• **DIRECTIONS**
Word for word, write the lines below out again, with no pictures.

• **DATA EXCERPT**
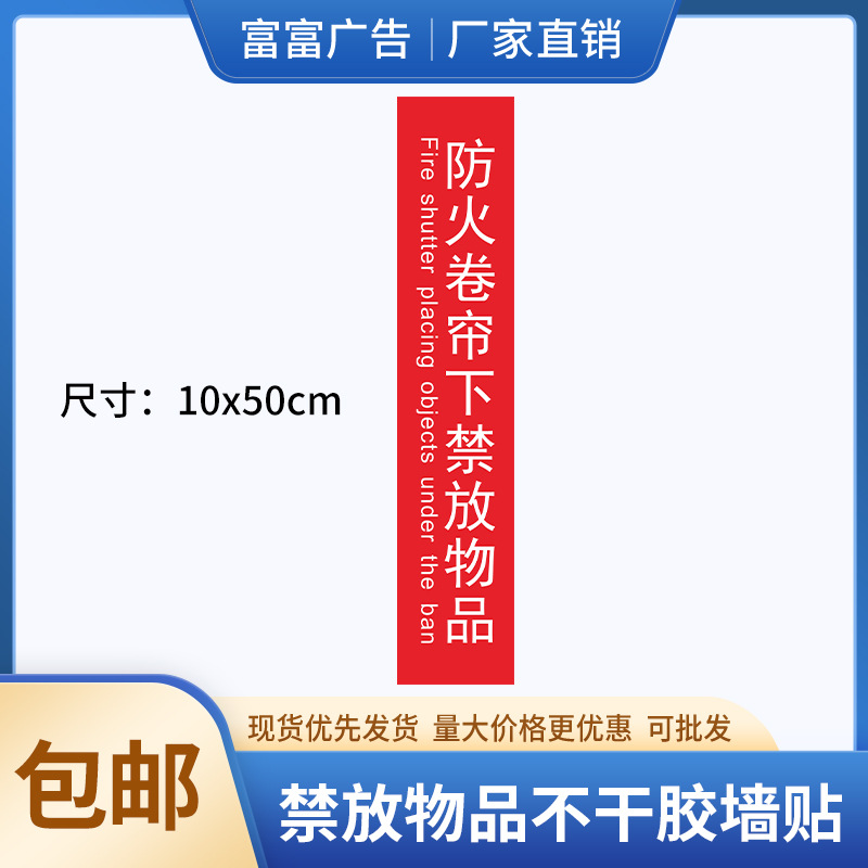 ロールカーテンの下に物を置く禁止のステッカーの壁にスポット倉庫消防安全暖かいヒントシールラベルを5枚貼った
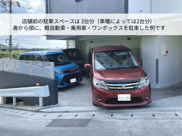 店舗前の駐車スペースは 3台分(車種によっては2台分) となっております。
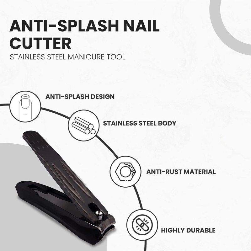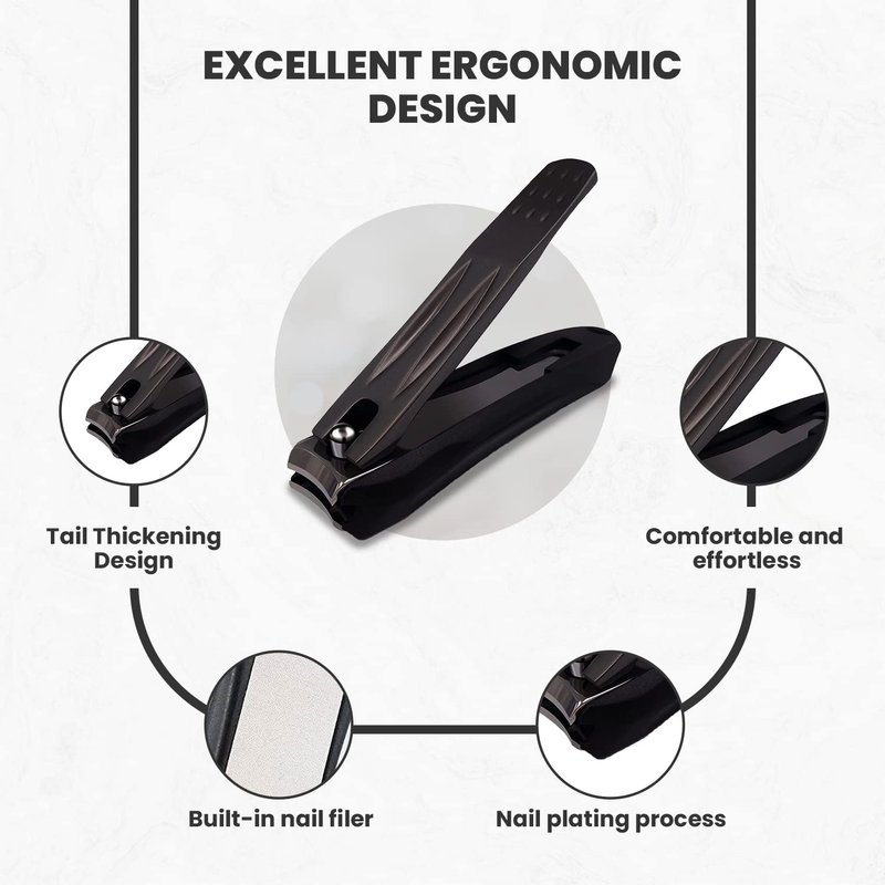 Ongle Precision Nail Clippers with Nail Catcher No Splash, Black Stainless Steel Manicure Tools

• **SOLUTION TO THIS TASK**
 ロールカーテンの下に物を置く禁止のステッカーの壁にスポット倉庫消防安全暖かいヒントシールラベルを5枚貼った
 店舗前の駐車スペースは 3台分(車種によっては2台分) となっております。
 Ongle Precision Nail Clippers with Nail Catcher No Splash, Black Stainless Steel Manicure Tools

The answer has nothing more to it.